Я снова посмотрела на шкаф с наградами. Фотография Скарлет вскрикнула, взывая ко мне.

– Возможно, я знаю кое-что о том, что происходит с Селией, – наконец сказала я. И поведала ему все, что мне было известно о девушке, ее матери, МакКое, Скарлет и табло. О том, как Такер помогал собирать информацию обо всем этом, но в конце концов мы зашли в тупик.

– Я знаю, МакКой тебя не любит, а Селия любит, – добавила я. – И это… беспокоит меня. Мне кажется, они оба очень неуравновешенны. Директору требуется помощь психиатра, но, держу пари, он не станет обращаться к нему.

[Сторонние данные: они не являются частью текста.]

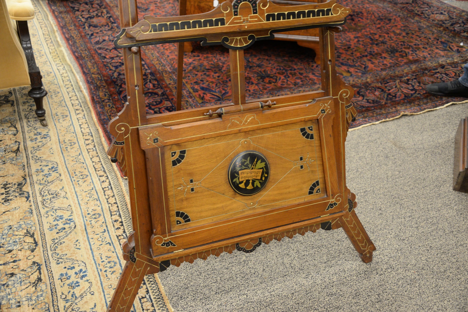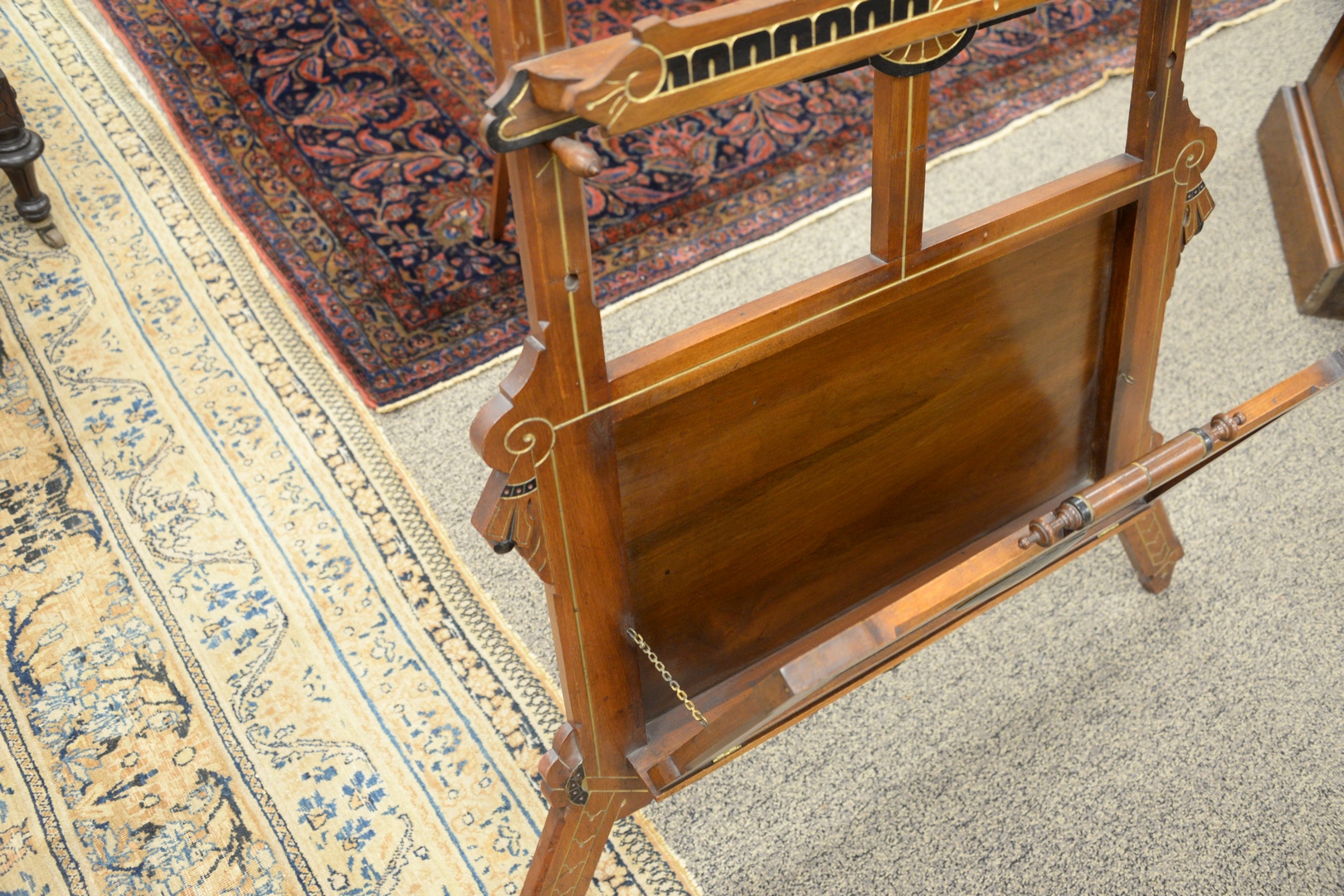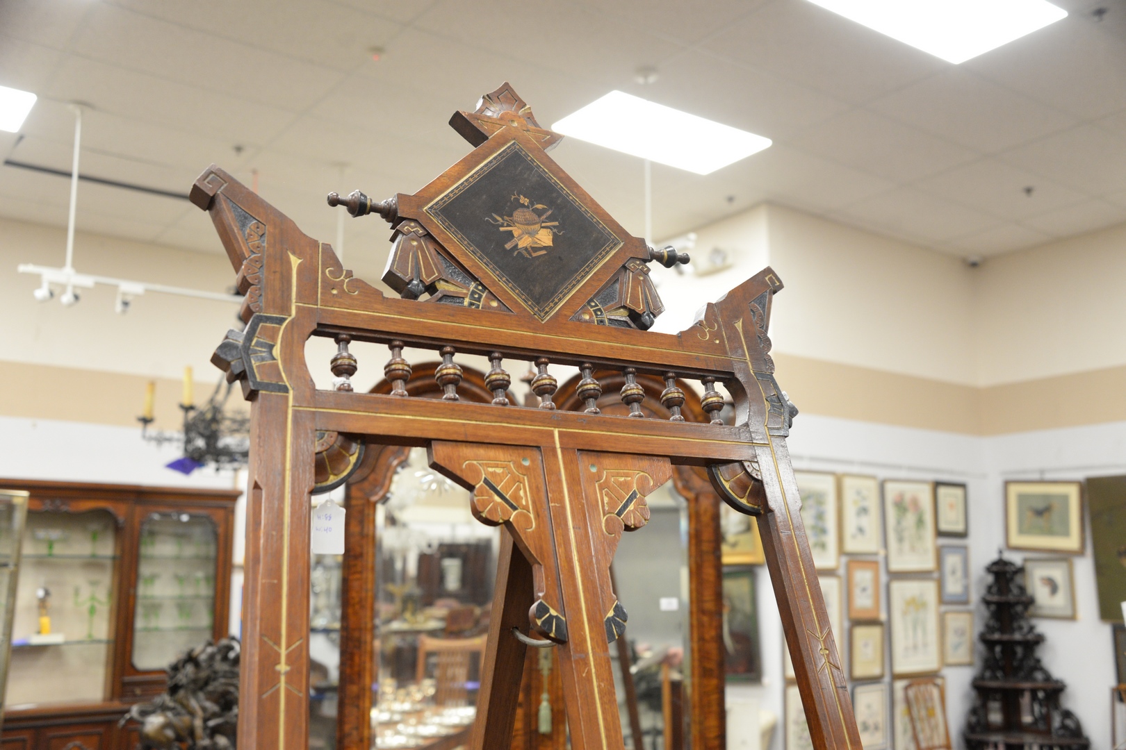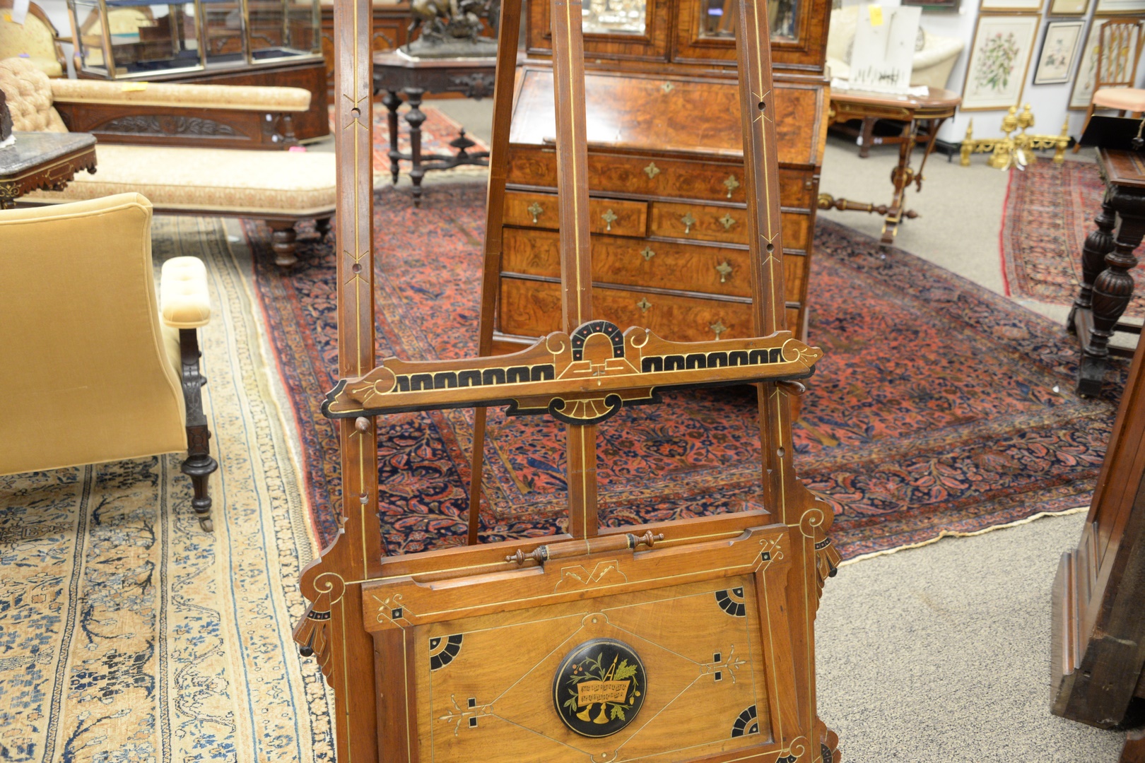 Lot 294: Aesthetic Walnut Easel with portfolio holder having inlaid and ebonized highlights height 87 inches, width 40 inches Provenance: Mat…

Может, он даже ничего такого о себе и не думает. И я понимаю, что все это выглядит так, будто я сумасшедшая девочка, сочиняющая бредовые истории, и тебе нет смысла прислушиваться ко мне, но если ты можешь сделать мне одолжение, то… будь осторожен.

Он в недоумении посмотрел на меня. Моргнул.

Затем кивнул и сказал:

– О'кей. Я буду осторожен.

Двадцать восьмая глава

Второе временное исключение Селии из школы объявлено не было, но его подробности оказались известны всем. Благодаря адвокату ее отца (и непредсказуемому вмешательству самого Сатаны, потому что кто еще пришел бы ей на помощь?) Селия не была исключена окончательно и бесповоротно. Хорошей новостью оказалось то, что она не будет ходить на занятия до конца семестра. Однако была и плохая новость: до окончания семестра оставалось всего десять дней. И весь клуб предвидел другие нерадужные новости, до которых пока было еще далеко: когда начнется новый семестр, Селия вернется в школу и займется общественно полезной деятельностью.

Единственной персоной, которой, казалось, не нравились ни хорошие новости, ни плохие, был директор МакКой, он лишь стал более вспыльчивым и раздражительным после ухода Селии. Его утренние объявления стали короткими и резкими, и он ничего не говорил о табло. В полуденные часы его можно было часто видеть у спортивного зала, наблюдающего за работой клуба. Я знала, что Майлз большой мальчик, который может сам о себе позаботиться, но моя отточенная, отшлифованная паранойя окончательно разыгралась как раз в эти дни.